(Directions for this task):
The listing below should be printed in full and exactly, apart from its images.

(Provided material):
####
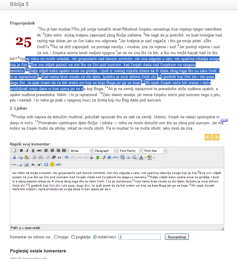 Rezultati pretraživanja ispisuju se u nizu, a klikom na svaki od njih dolazi se do traženog mjesta u tekstu u kojem je niz pronadjen.
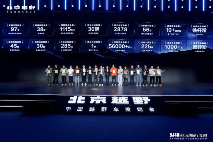 北汽集团董事长张建勇为BJ40增程“车主之最”用户颁奖。16位获奖用户包括等车时间最久用户、行驶里程最长用户、一箱油单次跑出最远里程用户等,他们用一个个动人的故事,让BJ40增程不仅仅是一台车,更成为一种文化,一种精神符号。
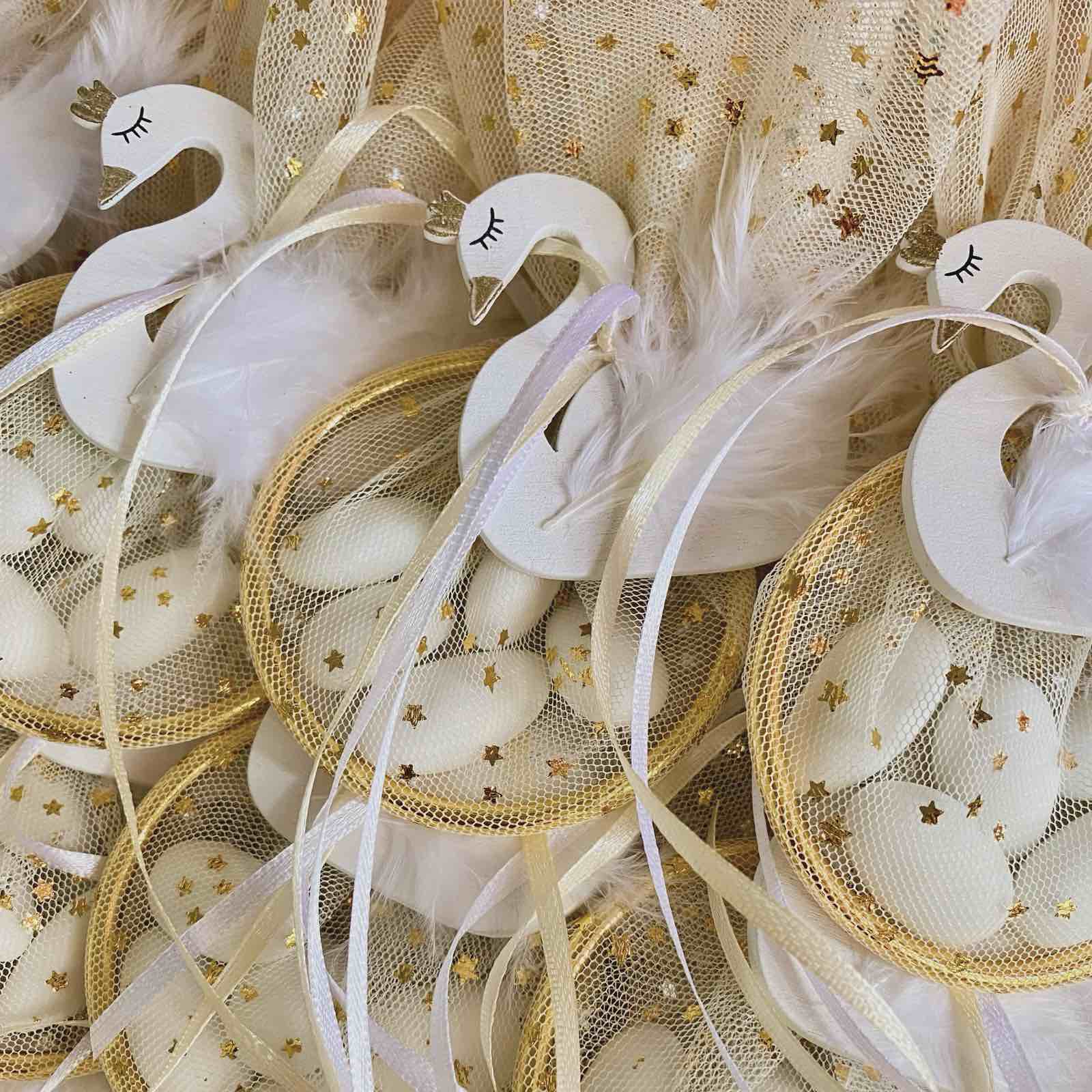 Μπομπονιέρα Βάπτισης Κύκνος Μαγνητάκι Σε Χρυσό Στεφάνι
####
(Written answer):
 Rezultati pretraživanja ispisuju se u nizu, a klikom na svaki od njih dolazi se do traženog mjesta u tekstu u kojem je niz pronadjen.
 北汽集团董事长张建勇为BJ40增程“车主之最”用户颁奖。16位获奖用户包括等车时间最久用户、行驶里程最长用户、一箱油单次跑出最远里程用户等,他们用一个个动人的故事,让BJ40增程不仅仅是一台车,更成为一种文化,一种精神符号。
 Μπομπονιέρα Βάπτισης Κύκνος Μαγνητάκι Σε Χρυσό Στεφάνι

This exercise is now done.